Huellas en la arena
Había una vez un pescador, que vivía en una playa solitaria, alejado de los hombres, pero no de Dios. Un día, paseaba por la orilla del mar y se sentía feliz, hablando con Dios.
Mientras hablaba con Él, le dijo: “Señor, quisiera que Tú me demuestres que estás siempre a mi lado y que me amas y me escuchas”.
Y seguía caminando y orando. De pronto, escuchó la voz de Dios que le decía: “Hijo mío, mira tus huellas. Ahí está la prueba de que estoy a tu lado”. Y vio que, en la arena, junto a las huellas de sus pies descalzos, había otras cercanas y visibles.
La alegría que sintió fue inmensa. Dios lo amaba, vivía a su lado. ¿Qué más podía esperar y desear? Su gratitud no tenía límites.

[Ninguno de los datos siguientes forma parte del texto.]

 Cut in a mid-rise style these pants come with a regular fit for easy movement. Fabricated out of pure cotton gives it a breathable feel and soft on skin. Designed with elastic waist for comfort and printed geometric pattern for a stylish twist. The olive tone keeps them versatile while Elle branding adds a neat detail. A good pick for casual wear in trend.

Pero fueron pasando los días y los meses Pero fueron pasando los días y los meses. Y el cansancio del duro trabajo le hacía tambalear su fe.
Un día, estaba especialmente triste. El cielo estaba nublado, en el mar había una gran tempestad, todo parecía oscuro. Tenía hambre y frío y hasta se sentía enfermo. Entonces pensó en Dios y le dijo: “Señor, dame la prueba de que hoy también estás conmigo a mi lado. No me abandones. Te necesito, dame tu alegría y tu paz”.

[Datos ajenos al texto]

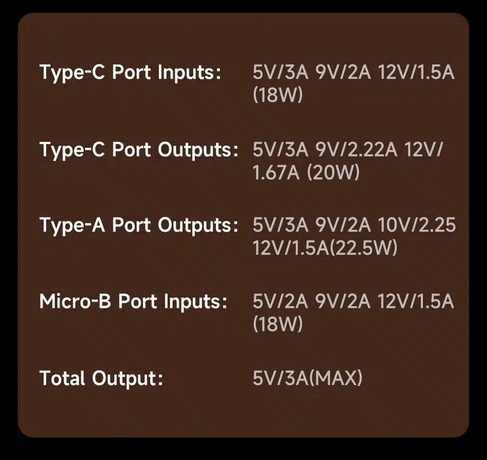 Type-A Port Outputs: 5V/3A 9V/2A 10V/2.25
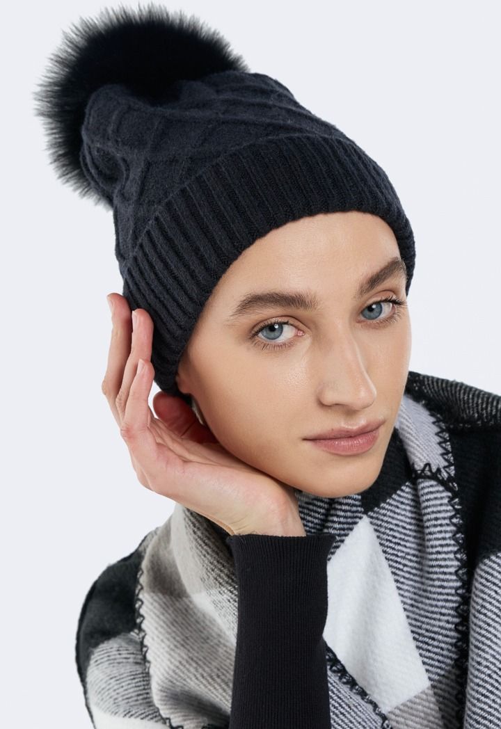 Textured Pom Pom Beanie
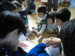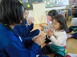 お兄さんお姉さんとわらべ歌遊びをしたり、バスごっこをして遊んだりするうちに、中学生も、幼稚園児もドキドキ感がほぐれ、だんだんリラックスムードで笑顔が見られてきました。
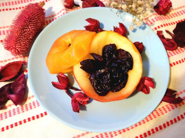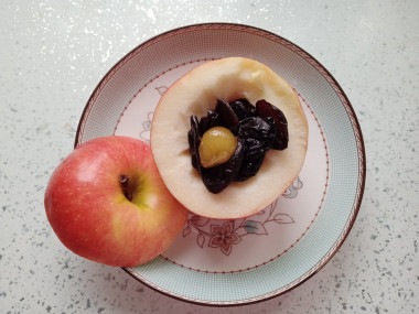 Начинить яблоки черносливом.

Y siguió caminando… hasta que se atrevió a mirar sus huellas y vio con tristeza que solo había un par de huellas en la arena. Entonces, desconsolado, le dijo: “Señor, ¿por qué me has dejado solo? ¿Dónde estás ahora? ¿Ya no me quieres? ¿Me dejas solo ahora que estoy triste y enfermo?
Y de pronto, oyó de nuevo la voz de Dios: “Hijo mío, cuando te iba bien en tu vida, tú pudiste ver mis huellas a tu lado, pero ahora que estás enfermo, cansado y abatido, he preferido llevarte en mis brazos”.
Mira bien, esas huellas en la arena son las mías, no las tuyas.